2017年10月24日火曜日

節用集

同級生からある古い本を譲り受けた。お父上の遺品を整理している中で出てきたものだとの事。小ぶりな糸綴じされた和本で、厚みはあるが携帯用のものと見えた。一部水に濡れた跡があり判読できない箇所もあるが奥付を見ると明治十七年の発行だ。最初の数頁は一般教養に関する事が書いてある。例えば県と旧国の関係などで島根に因幡も伯耆も含まれていた。
大部分を占めるのは「い一」から始まる字の羅列である。「い一」には伊、以、位、意など、続く「い二」には忌、色、出、入など、「い三」は未、祝、祈など、「い四」は戒、警、禁などがそれぞれ振り仮名付きで載っており、それが最後の「す」まで続く。頁を繰るうち袋綴じの版心に「節用集」との文字を発見した。ああ、これが節用集というものなのか。

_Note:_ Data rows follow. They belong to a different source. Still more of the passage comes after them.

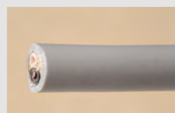
▲No.10 600V ビニル絶縁ビニルシースケーブル 丸形 1.6mm 2心
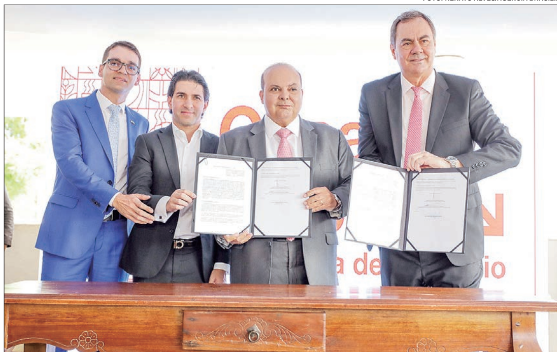
Ibaneis Rocha: “É uma grande entrega para o DF, fruto de mais uma parceria com o setor privado”

Ao assinar o acordo, previsto para durar inicialmente dois anos – podendo chegar a até dez –, o governador Ibaneis Rocha destacou a importância do espaço para a Praça dos Três Poderes, um dos cartões postais mais icônicos da capital.
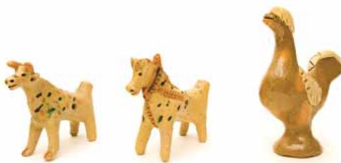
Glinene piščali v obliki krave in konjčka ter in figura v obliki petelina. Hrani Muzej Ribnica.

je bilo treba še enkrat žgati. Zelo pomembno je bilo, da je bila posoda žgana pri visoki temperaturi, saj je vsebovala svinec, ki se je moral v peči dobro sežgati. Če lončar glazirane posode ni dovolj žgal, je lahko bil svinec, ki je ostal v glazuri, za ljudi tudi smrtno nevaren. Pred drugo svetovno vojno je 1 kg glajenke stal 16 din, za eno lončarsko peč so je potrebovali 10–15 kg.
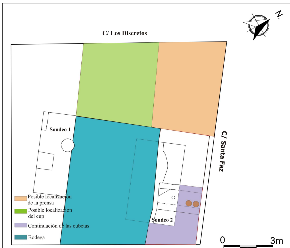
Plano de localización de los sondeos, las estructuras y las compartimentaciones del lagar.
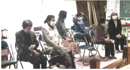
御用初めの御祈念(2月9日)
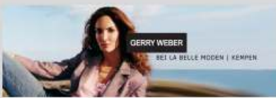
la belle Moden
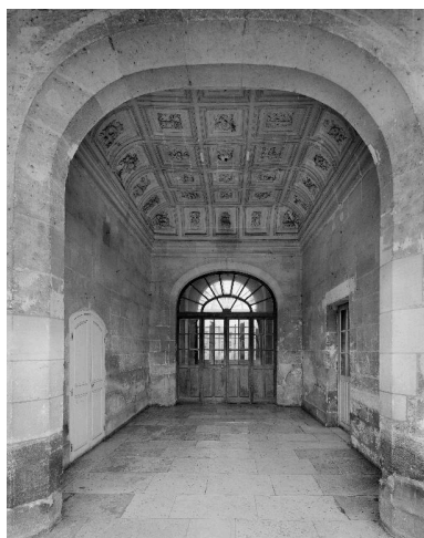
Vue du passage reliant les deux cours.
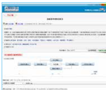
■ 图为该报道网络截图

■ 《今日中国：中文版》1993 年第 7 期（36～38 页）曾以《治病显奇效的法轮功》为题报道法轮功与法轮功创始人李洪志大师。
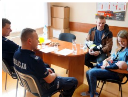
Wizyta w legionowskiej komendzie
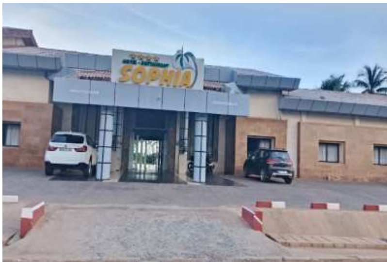
Photo 6 : L'Hôtel Sophia sur le littoral Balmer
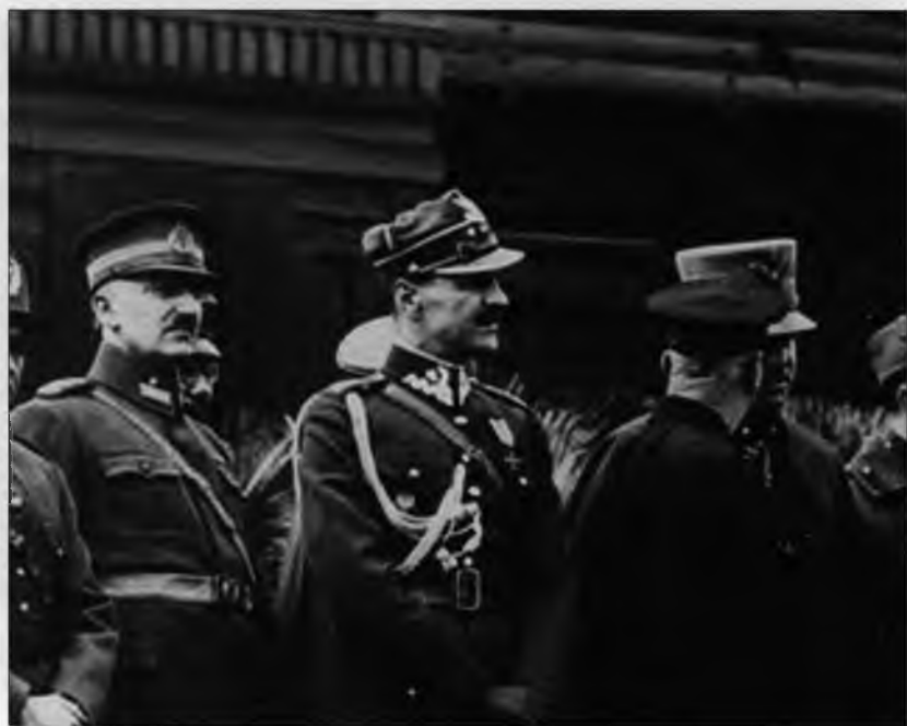
Польский военный атташе на Красной площади
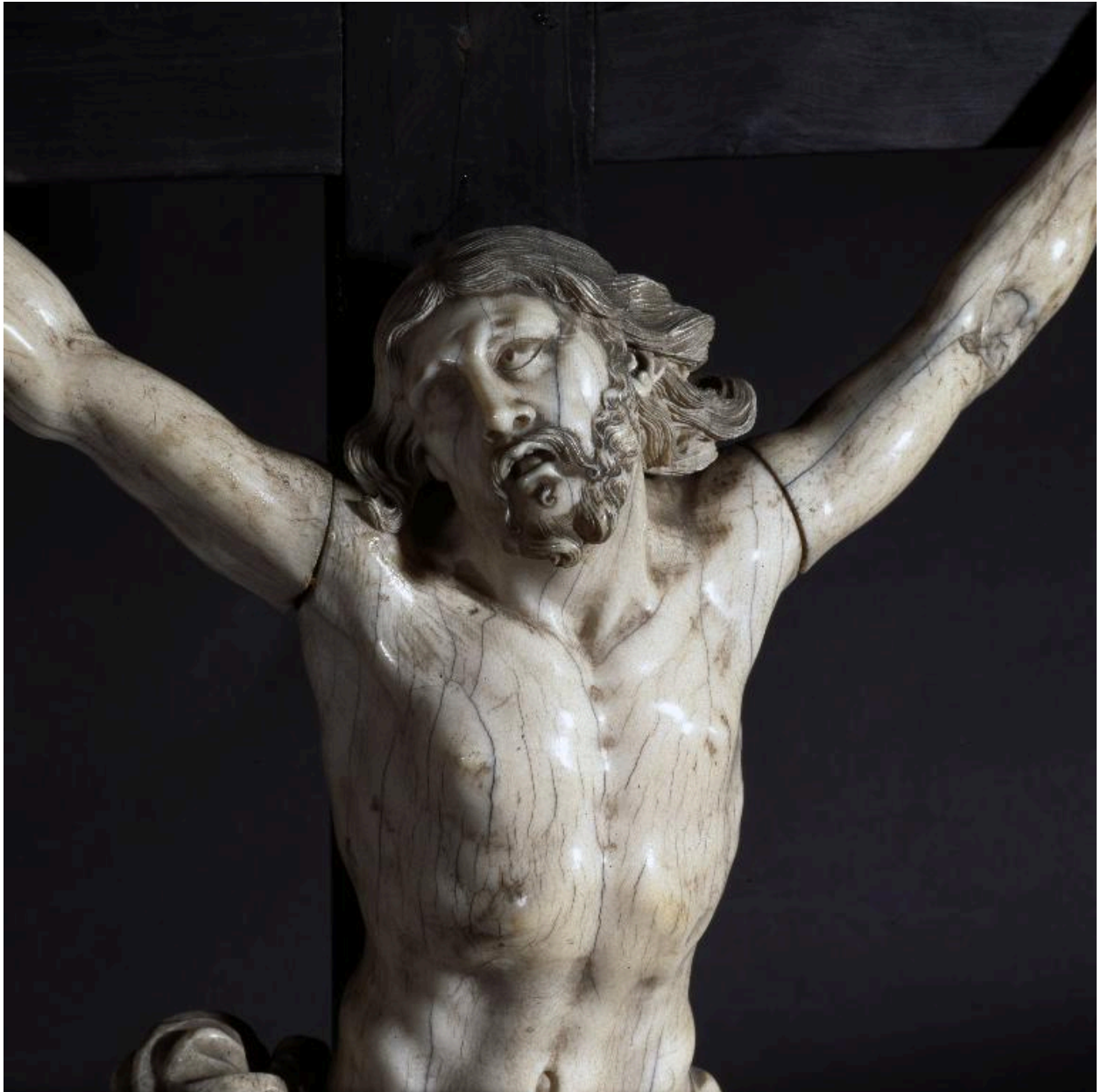
Vue de détail : la partie haute du Christ.

日本国語大辞典によれば節用集とは「室町中期の用字集、国語辞典。実用的な教養書、雑学集」とある。辞典といえば言葉の意味、語釈を調べるものという思い込みがあるが、それは明治に西洋文明が入ってからの事らしい。それまでは漢字でどう書くかを知るためのものだった。並び方も今の常識とは随分と違う。第一音はイロハ順で、次に音数で並べる。これを「イロハ仮名数引き」と言うらしい。「イマシメ」を漢字でどう書くか知りたい時には「い四」から探す、という訳だ。もし純粋に全てイロハ順に並んでいたら「マツリゴト」なんて字を探すのは大変だったろうと思うが、昔の人は簡単にイロハ順が頭に浮かんだのだろうか。
そういえば最近の若い人の中にはアイウエオ順で辞書を引くことが出来ない人もいるらしい。知らない言葉があればパソコンに向かってその字を打てば良いのだから「に」と「む」がどっちが先にあるのか知る必要もないのだろう。時代は変わる。